An economy still deep in the doldrums and the accompanying depressed job market are driving down the near-term expectations of motor carrier executives recently surveyed.

According to Transport Capital Partners (TCP), its 3Q 2011 Business Expectations Survey found that only 45% of the carrier executives surveyed expect volume increases in the next 12 months, compared with 80% in the survey done in May.

“The weak-to-flat economy and general malaise shown in jobs outlook has truckers joining other businesses in a lack of confidence in the recovery,” said Richard Mikes, TCP partner and survey founder. He added that a similar percentage (48%) of the carriers shifted to a “remain the same” outlook this quarter.

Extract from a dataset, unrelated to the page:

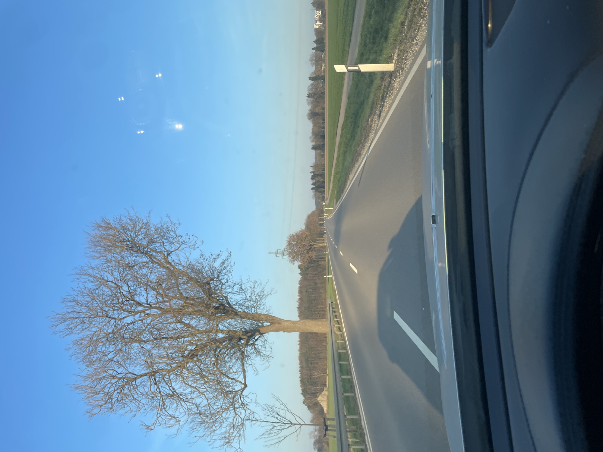 The image depicts a rural road scene, likely a state or district road, in the vicinity of Weißenhorn, Germany. The perspective is from inside a vehicle, looking forward through the windshield, with the dark dashboard visible at the bottom of the frame. The asphalt road, marked with a solid white line on the right shoulder and broken white lane lines, extends into the distance under a clear, bright blue sky. Several lens flares are apparent on the upper right portion of the sky, indicating direct sunlight. On the left side of the road, a metal guardrail runs parallel to the pavement. Beyond the guardrail, a wide grassy shoulder precedes a line of bare deciduous trees. A prominent, large, leafless deciduous tree stands close to the road. Further back and to the left, another smaller, bare deciduous tree is visible. Behind these trees, a light-colored, triangular agricultural structure (possibly a covered hay or silage pile) is situated in a field. A dense forest line forms the horizon on the left. A metal lattice power line tower is partially visible in the middle distance, behind the trees on the left. On the right side of the road, a grassy shoulder is marked by white and black reflector posts (Leitpfosten) placed at intervals. Beyond this, expansive green agricultural fields stretch towards the horizon. In the far distance on the right, indistinct building structures, consistent with a small town or village, are visible under the clear sky. No individuals or active interactions are visible. The scene suggests a clear, bright day during late autumn, winter, or early spring, given the bare trees.

“TCP expects the next year to be heavily influenced by macro events in this tenuous environment,” pointed out Lana Batts, TCP partner. She noted that in contrast to last quarter, smaller carriers (under $25 million in revenue) are more optimistic, with 54% expecting business volume increases compared to 38% of the larger carriers.

Furthermore, expectations for rate increases showed a decline for the first time in a year with 61% of the carriers expecting increases, and a third of the carriers expecting rates to remain the same. According to TCP, “truckers are becoming more cautious and this attitude may be reflected in future truck orders.”

Batts also said that “increased government regulation has been felt by the industry and it is apparent that uncertainty is taking its toll on truckers.” Additionally, Mikes pointed out “recent downward trends in consumer confidence, uneven freight demand reports, and spot market volatility are all signs of an economy whose direction is uncertain in carriers’ minds.”

The partners noted that TCP couples these survey results with conversations they hold daily with carriers and others in the industry to “present an insightful dialogue on key issues.”